EXERCISE. Starting at the first line of the listing below, repeat each line exactly until you have repeated the one containing "Oval Belcher Bracelet"; skip the pictures.

+++ PROVIDED MATERIAL +++

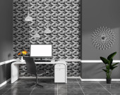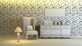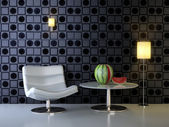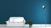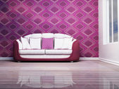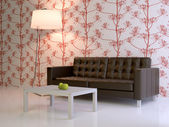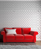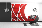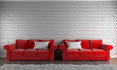 Mozaika czerwona na ścianie w salonie z czerwoną kanapą i lampką. 3d
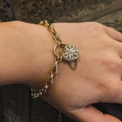 Oval Belcher Bracelet with Diamond Heart Padlock – 9ct Yellow Gold – 18.5cm #68393
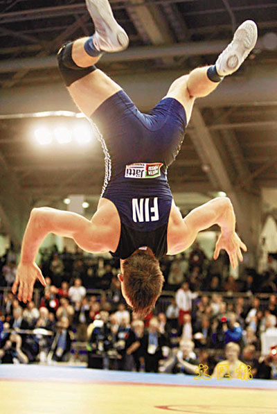 這名叫Jarkko Ala-Huikku的芬蘭運動員,在2008歐洲古典摔跤比賽(Greco-Roman 2008 European Wrestling Championship)中的男子60公斤級別打敗保加利亞選手而奪得金牌,佔主場之利的Jarkko在自己家鄉勝出,怪不得他興奮莫名。

+++

SOLUTION FOR THIS EXERCISE.
 Mozaika czerwona na ścianie w salonie z czerwoną kanapą i lampką. 3d
 Oval Belcher Bracelet with Diamond Heart Padlock – 9ct Yellow Gold – 18.5cm #68393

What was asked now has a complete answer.